# Homelite string trimer 25 cc took off H L tamper plug



## Rpeters123 (Oct 19, 2005)

Trimer would run run unless choke was half closed. Model UT20022A built 4/04. Was hard to restart hot and stalls under load. So I inserted a fine small wood screw into the 2 plastic tamper plugs center hole then pulled off the plastic plugs off screws with pliers both pulled easy. Now I can adjust the 2 screws I expect. What is the inital setting 1 turn out on both? Which is the H one closest to carb and L is closest to block? :thumbsup:THANKS FOR A GREAT SITE.


----------



## 30yearTech (Sep 14, 2006)

Well both screws are pretty darn close to the carburetor, but the "L" low speed adjustment is the one closest to the engine and the "H" high speed / load adjustment is the one closest to the air filter.

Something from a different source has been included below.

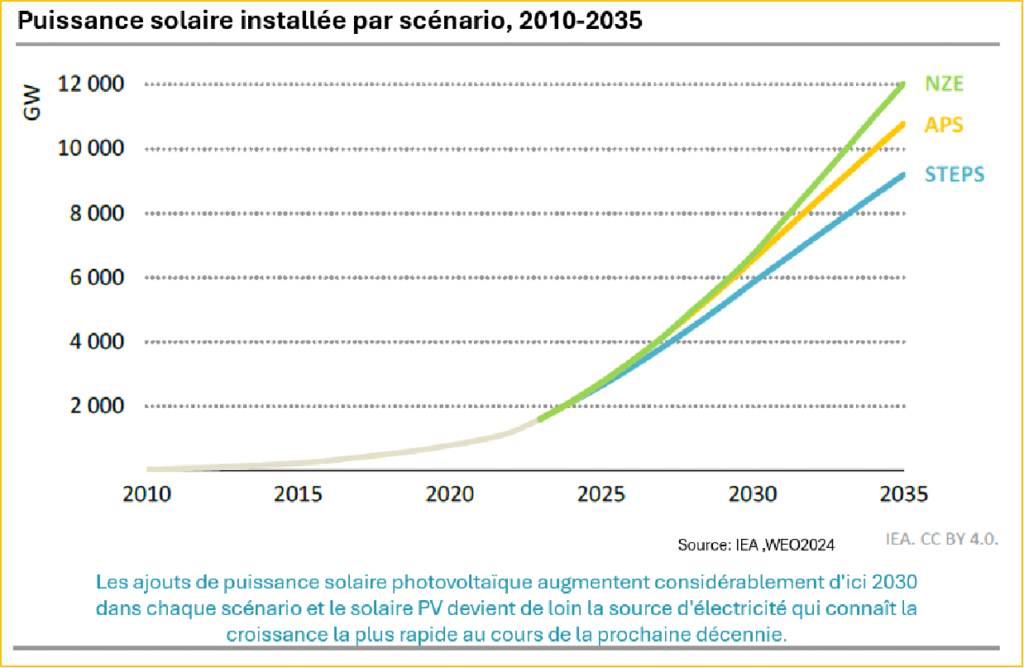 Le graphique ci-dessous montre l’évolution de la puissance solaire mondiale installée pour chacun des 3 scénarios. Elle doublerait si tous les engagements pris sont mis en œuvre (APS). Il faudrait cependant la multiplier par 2,5 pour mettre le monde sur la trajectoire de la carboneutralité (NZE2050).

I usually start at 1 1/2 to 2 turns from seat, on many emissions carburetors the adjustment screws have a finer thread so you might want to start at 2 turns and go from there.

Best of Luck...


----------



## Rpeters123 (Oct 19, 2005)

*30 Year tech right again*

:thumbsup: I learned again from him. Two items this time. First always proof read your post so you do not type carb when you mean choke. His inital setttings turns worked great started first pull and I only had to turn 1/4 to fine tune each screw. No more tamper plugs and NO smoke or skips now.Thanks again. My wife finds it so much easier to do the yard work now-that will be the day!!


----------